Today’s post is written by Tamara D. Fickas.

The Writing Life can be a hard life sometimes. Well, maybe a lot of times; especially these days when agents and publishers are inundated with submissions. The competition is fierce and even good writers and great writers experience the dreaded rejection letter. It can be disheartening even though we all know it’s part of the job.

The past two weeks I have been gimping around with a muscle in my shoulder that is in massive spasm.  This has resulted in incredible pain and three agonizing days off work at my day job. Even writing has been a distant dream during this time.

Last week while I was off work I spent most of the time on my couch drifting in and out of a pain medication induced sleep while different shows rambled on the TV. My shows of choice lately have been crime dramas like NCIS and Law and Order, but one day I couldn’t find any of my go-to shows so I settled on The Waltons.

Some of you may know The Waltons, but for others, it may be before your time. For those of you who don’t know the show it is set in the Great Depression and follows the life of a large family in Virginia. John-Boy Walton, played by Richard Thomas (and one of my pre-teen crushes), is a young man who aspires to be a writer. The episodes usually start and end with him narrating as he writes about the happenings in the family.

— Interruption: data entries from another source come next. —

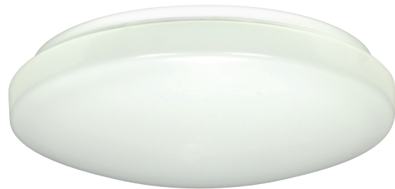
62-546 11" LED flush mount fixture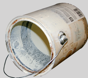
Paint cans (lid off, dry & empty)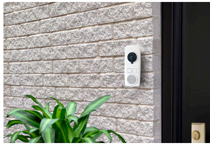
DB7 angle mount bracket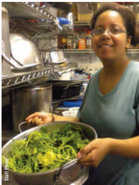
A volunteer helps to prepare a healthy meal at Haley House.

The Salvation Army – Chelsea/East Boston Food Pantry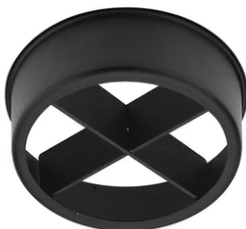
Screening crosspiece 08.8411.00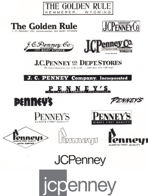
Evolution of J.C. Penney logos, 1902-2011.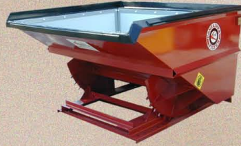
3 cu. yd.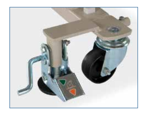
Locking casters allow for easy relocation and positioning within the room.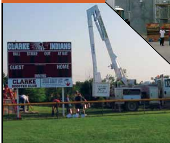
Above: Work continues on the new Valley of the Moon Commercial Poults, Inc., building.

One episode I saw last week made an impression even though I can’t remember all the details. It starts out with John-Boy sending off an article to a magazine and waiting. Meanwhile, life happens and he gets focused on something else and forgets about waiting for the answer to his submission.

At the end of the show the letter finally comes and it is a rejection. Surrounded by his family he stuffs it in his back pocket and says something like, “Oh well, maybe it wasn’t good enough anyway.”  But his mother (or father. Again, I can’t remember thanks to the painkiller I was on last week) pulls the letter out and reads it.

They respond to John-Boy, “It says that the article was good, but doesn’t meet their current needs. That means it doesn’t meet their needs right now, but maybe next month their needs will change and it will be right.”

The show ends with John-Boy at his desk writing in his journal. His voice again narrates as he writes. He marvels at the way his family handled the rejection slip and wrote, “My family treated my first rejection slip as a victory.”

The wisdom of those words still ring true. Writers face rejection slips. There are many reasons that agents or editors reject a work. Many of them have nothing to do with poorly written manuscripts. We need to remember that just because it doesn’t meet their needs now, it may later, or it may meet another publisher’s current needs.

Don’t let the fear of rejection hold you back. The victory is in continuing in your pursuit. Keep submitting. Rejection isn’t failure; the only failure is to give up on your talent before God has used it for His purpose.